__Problem statement__:
Only the lines from the one containing "2021下册五年级数学冀教版 第五单元 关键能力强化练" to the end of the listing below should be returned, exactly as written and without pictures.
▬▬▬▬▬▬
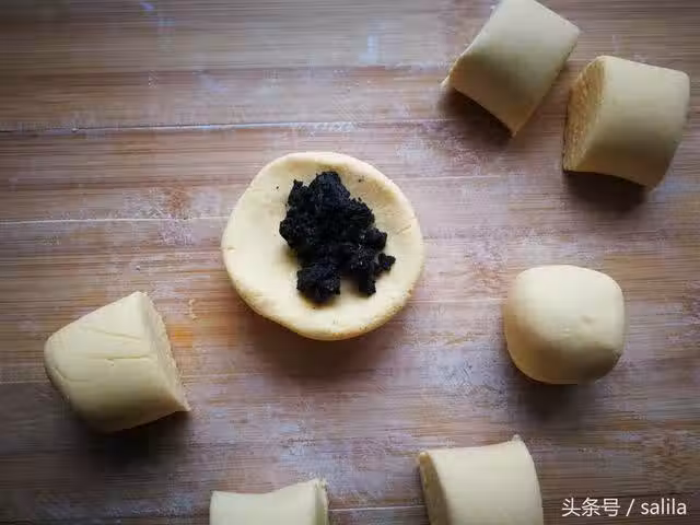 5、依次包好每一個劑子,用手掌將包好的劑子一個個輕輕按扁。如果您和的麵糰比較柔軟,怕粘的到處都是,可以在案板上鋪上一層保鮮膜或保鮮袋。
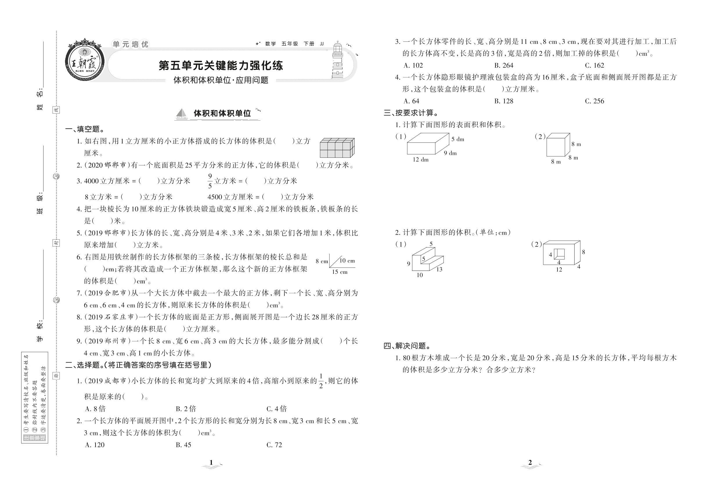 2021下册五年级数学冀教版 第五单元 关键能力强化练
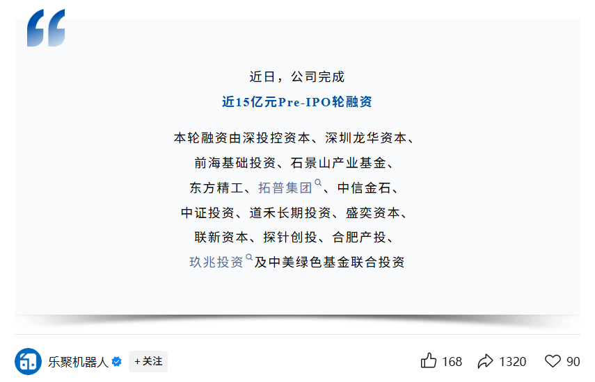 作者 | 趣解商业 赵栀 继宇树科技之后,又一家人形机器人企业明确披露IPO意向。 10月22日,乐聚机器人宣布于近日完成近15亿元Pre-IPO轮融资。 本轮Pre-IPO融资由深投控资本、深圳龙华资本、前海基础投资、石景山产业基金、东方精工、拓普集团、中信金石、中 证投资、道禾长期投资、盛奕资本、联新资本、探针创投、合肥产投、玖兆投资及中美绿色基金联合投资。 乐聚机器人表示,本轮融资将用于强化核心技术研发、深化产业链布局、完善产业场景应用,旨在推动人形机器人迈向 大规模量产与多元化场景应用的新阶段。 图片来源:"乐聚机器人"公众号截图 此外,公司相关负责人向《上海证券报》透露,目前公司已完成股改,IPO计划推进中。 此前9月9日,乐聚机器人完成股改,由原来的"乐聚(深圳)机器人技术有限公司",变更为"乐聚智能(深圳)股份有限 公司"。彼时,公司就股改给出的解释是"出于业务需要"。 另外,乐聚机器人还与海尔、中国移动、江苏亨通等行业领军企业建立战略合作关系。据悉,乐聚机器人去年与红旗等 车企合作,让人形机器人进工厂训练,今年已经开始批量生产和交付,一度"爆单"。今年年初,乐聚第100台全尺寸人形 机器人交付 ...
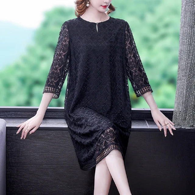 Fashion Silk Dress Women’s Autumn Vintage Round Neck Loose Fit Casual Holiday Dress
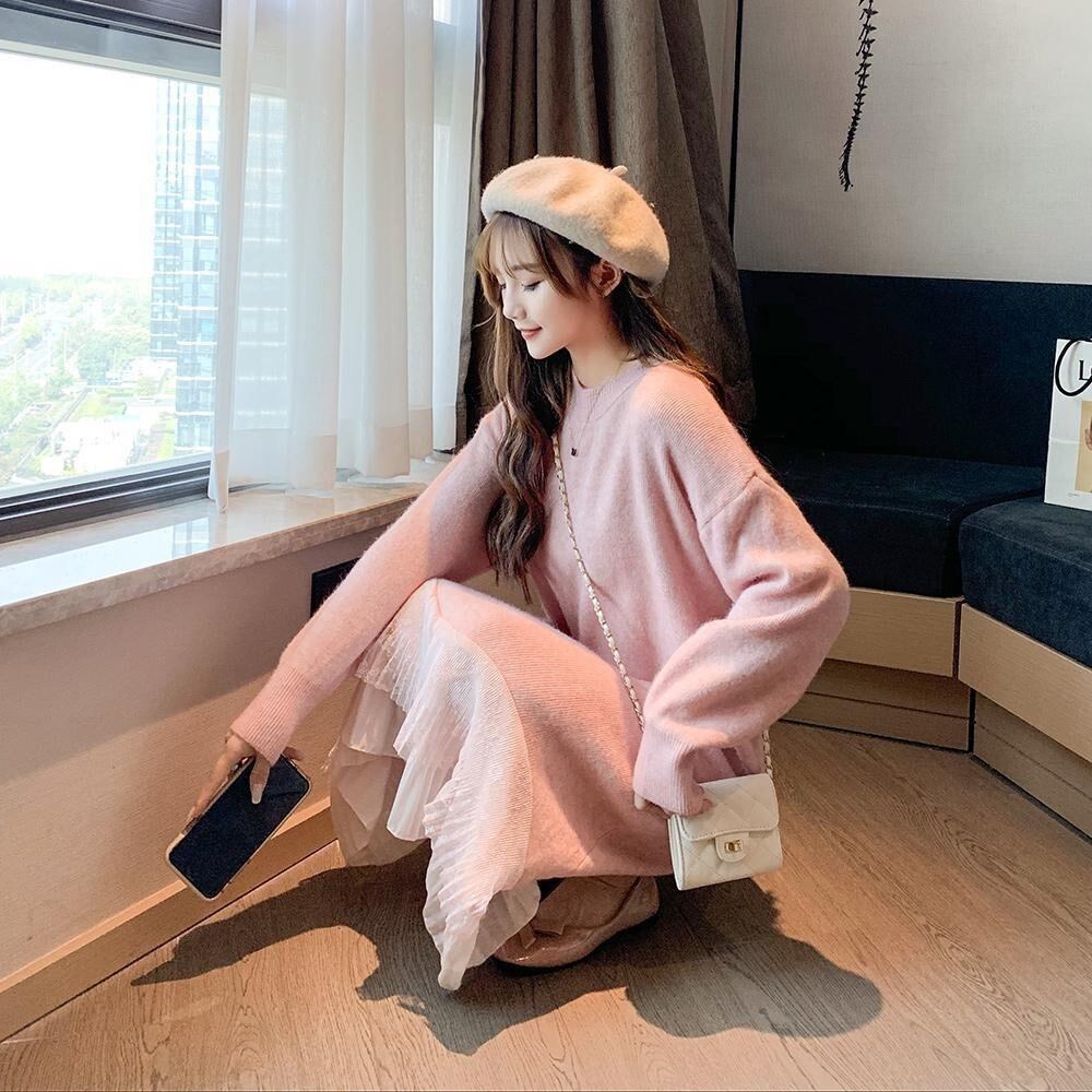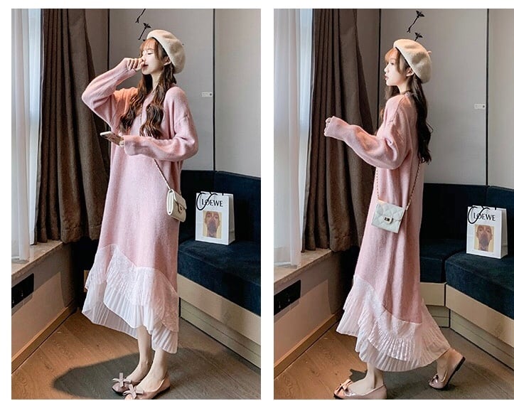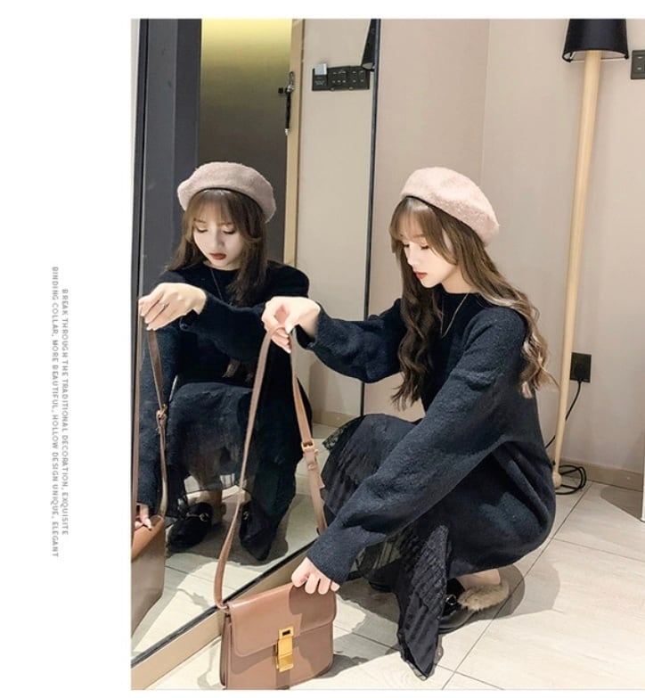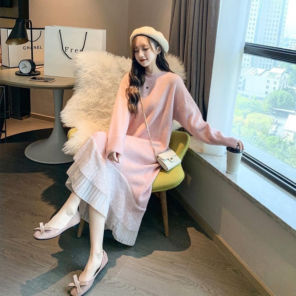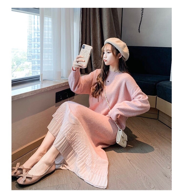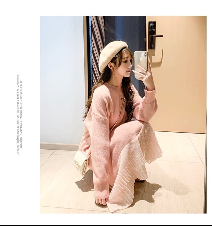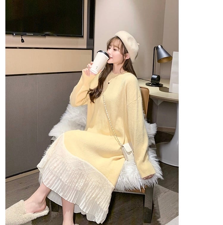 【dress】ラウンドネック切り替えニットワンピース TK2756
▬▬▬▬▬▬
__Task output__:
 2021下册五年级数学冀教版 第五单元 关键能力强化练
 作者 | 趣解商业 赵栀 继宇树科技之后,又一家人形机器人企业明确披露IPO意向。 10月22日,乐聚机器人宣布于近日完成近15亿元Pre-IPO轮融资。 本轮Pre-IPO融资由深投控资本、深圳龙华资本、前海基础投资、石景山产业基金、东方精工、拓普集团、中信金石、中 证投资、道禾长期投资、盛奕资本、联新资本、探针创投、合肥产投、玖兆投资及中美绿色基金联合投资。 乐聚机器人表示,本轮融资将用于强化核心技术研发、深化产业链布局、完善产业场景应用,旨在推动人形机器人迈向 大规模量产与多元化场景应用的新阶段。 图片来源:"乐聚机器人"公众号截图 此外,公司相关负责人向《上海证券报》透露,目前公司已完成股改,IPO计划推进中。 此前9月9日,乐聚机器人完成股改,由原来的"乐聚(深圳)机器人技术有限公司",变更为"乐聚智能(深圳)股份有限 公司"。彼时,公司就股改给出的解释是"出于业务需要"。 另外,乐聚机器人还与海尔、中国移动、江苏亨通等行业领军企业建立战略合作关系。据悉,乐聚机器人去年与红旗等 车企合作,让人形机器人进工厂训练,今年已经开始批量生产和交付,一度"爆单"。今年年初,乐聚第100台全尺寸人形 机器人交付 ...
 Fashion Silk Dress Women’s Autumn Vintage Round Neck Loose Fit Casual Holiday Dress
 【dress】ラウンドネック切り替えニットワンピース TK2756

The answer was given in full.